Longa-metragem polonês que disputa neste domingo o Oscar de melhor filme internacional, EO é protagonizado por um burro, mas não é uma fábula convencional. Embora o animal seja o personagem central, ele não ganha subjetividade humana, traço recorrente em obras sobre bichos, que se tornam, na maior parte das vezes, projeções antropomorfizadas.

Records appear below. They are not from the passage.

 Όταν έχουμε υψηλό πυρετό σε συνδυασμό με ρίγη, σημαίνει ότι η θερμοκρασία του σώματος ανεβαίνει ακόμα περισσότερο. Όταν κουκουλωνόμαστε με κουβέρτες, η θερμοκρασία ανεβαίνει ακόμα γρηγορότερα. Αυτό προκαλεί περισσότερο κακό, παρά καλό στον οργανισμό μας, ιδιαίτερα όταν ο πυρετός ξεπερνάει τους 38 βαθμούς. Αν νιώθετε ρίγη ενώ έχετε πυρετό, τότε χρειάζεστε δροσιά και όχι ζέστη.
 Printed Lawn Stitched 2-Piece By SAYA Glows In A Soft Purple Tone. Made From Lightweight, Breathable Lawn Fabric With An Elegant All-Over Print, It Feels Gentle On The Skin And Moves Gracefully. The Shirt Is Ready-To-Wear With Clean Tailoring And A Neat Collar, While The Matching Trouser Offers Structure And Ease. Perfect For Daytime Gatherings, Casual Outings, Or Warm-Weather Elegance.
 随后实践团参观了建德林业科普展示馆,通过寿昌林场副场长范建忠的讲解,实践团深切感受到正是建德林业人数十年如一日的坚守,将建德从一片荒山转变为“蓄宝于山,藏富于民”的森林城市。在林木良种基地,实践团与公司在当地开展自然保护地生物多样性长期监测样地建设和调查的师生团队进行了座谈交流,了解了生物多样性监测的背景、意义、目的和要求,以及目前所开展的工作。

Talvez o aspecto mais interessante, e original em certa medida, de EO, é o fato de o longa-metragem de Jerzy Skolimowski mostrar como alguns animais, como o burro, estão sujeitos ao homem, às pessoas, que deles se apropriam à sua própria conveniência das mais diversas formas – transporte, força de trabalho, entretenimento e, por fim, alimentação –, negando-lhes o direito à existência plena, dissociada de sua utilidade.

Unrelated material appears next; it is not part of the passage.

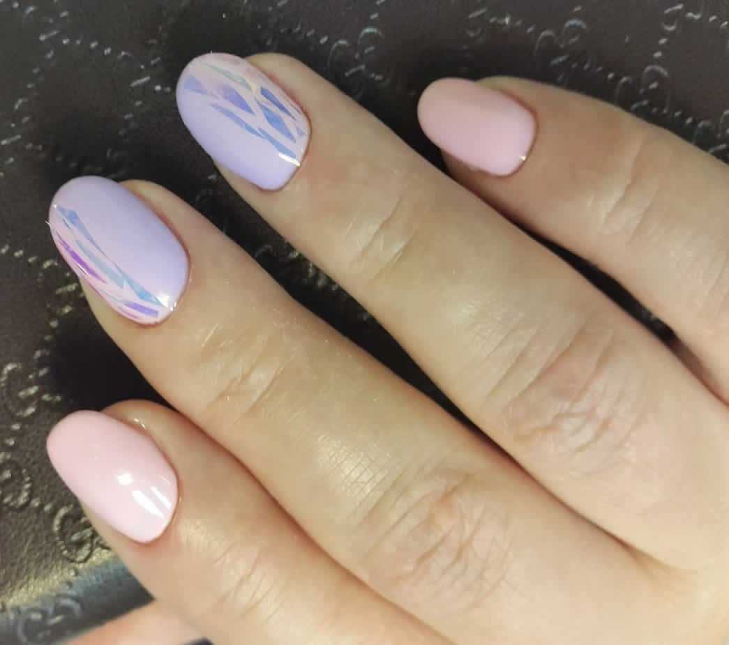 Для того чтобы маникюр выглядел лаконичным, но при этом имел свою неповторимую изюминку, можно оформить в стиле «битое стекло» только несколько ногтей, а остальные покрыть однотонным гель-лаком. Конечно же, сложно не упомянуть о романтичном и нежном варианте, в котором используются лаки пастельных тонов или вообще бесцветное покрытие, поверх которого в хаотичном порядке укладываются фольгированные кусочки.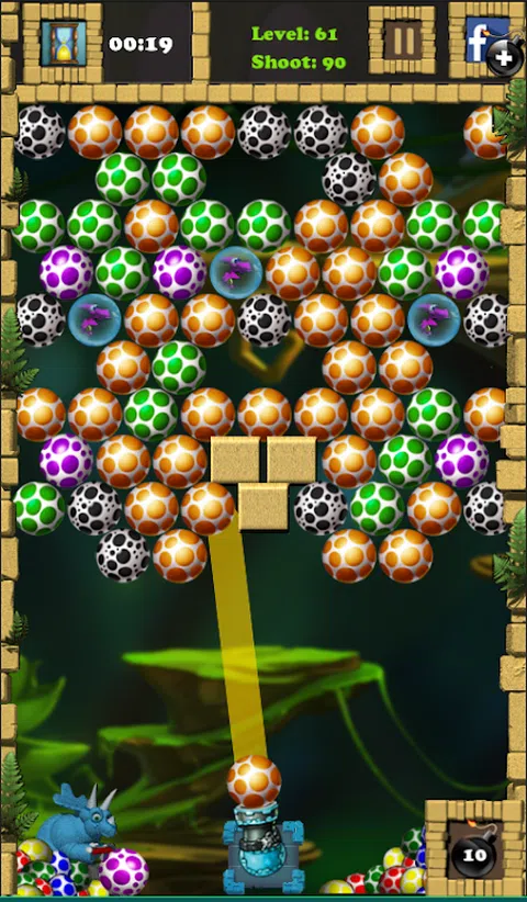 恐龙蛋即将成为泡泡射击类型游戏中最棒的游戏 有4钟不同游戏模式。所有这些模式都趣味无穷。让你玩上数个小时。不容置疑 1.经典模式 让彩蛋不碰到底部的绳子。尽所能延长游戏时间可获高分 2.益智模式 多个有趣且很难的关卡。150关。 一些关卡有障碍物。小心,障碍物无法爆破。让我们发挥聪明才智,尽情游戏吧。 3.限时模式 挑战你的射击速度。 快速游戏以清除所有行的彩蛋。 特点 1.更改彩蛋可游戏 2.选择难度级别(容易、普通、困难) 3

Talvez o aspecto mais interessante de EO é o fato de o longa-metragem de Jerzy Skolimowski mostrar como alguns animais estão sujeitos ao homem, às pessoas, que deles se apropriam à sua própria conveniência das mais diversas formas.
Vencedor do Prêmio do Juri e de melhor trilha sonora, assinada por Pawel Mykietyn, no Festival de Cannes 2022, além de ter sido reconhecido por várias associações de críticos, Eo se distancia, já em suas cenas iniciais, da linguagem documental.
Nas primeiras sequências, quando o burro está inserido em um contexto circense, e integra o número de uma artista, Kasandra (Sandra Drzymanska), que por ele nutre afeto, e apego, o animal surge na tela de forma quase onírica, como uma extensão da subjetividade dessa personagem.
Quando a presença de bichos no circo se torna intolerável, por ser considerada cruel, e condenada pelos defensores dos direitos animais, ele é descartado. Deveria passar o resto de seus dias tranquilo em uma propriedade rural, mas não é o que acontece.
Sua submissão ao mundo dos seres humanos é irreversível, e inicia-se então uma espécie de via crúcis de abandonos, exploração e dor – não há como esquecer que, desde o nascimento de Jesus, a figura do burro está ligada à mitologia cristã.
Há, no olhar do animal, uma melancolia quase insuportável, porque o diretor, sabiamente, opta por mantê-la envolta por uma aura de mistério, algo inacessível. Afinal, nunca será capaz de decifrá-la por inteiro. Ele é esse outro, não humano, que nos desafia durante toda a narrativa.
Ao longo de sua jornada, o burro encontra pessoas boas, piedosas, mas também cruéis indiferentes ao animal, em uma Europa de incertezas, fragilidades, que de certa forma ganha conotações simbólicas em um momento no qual o Velho Continente se depara, mais uma vez, com os fantasmas do passado, que não são um tema explorado pelo filme, mas são indissociáveis da narrativa: EO foi lançado já durante a guerra na Ucrânia, país vizinho da Polônia, cuja história é marcada por conflitos bélicos. Também por isso, é uma obra imersa em profunda tristeza, desesperança.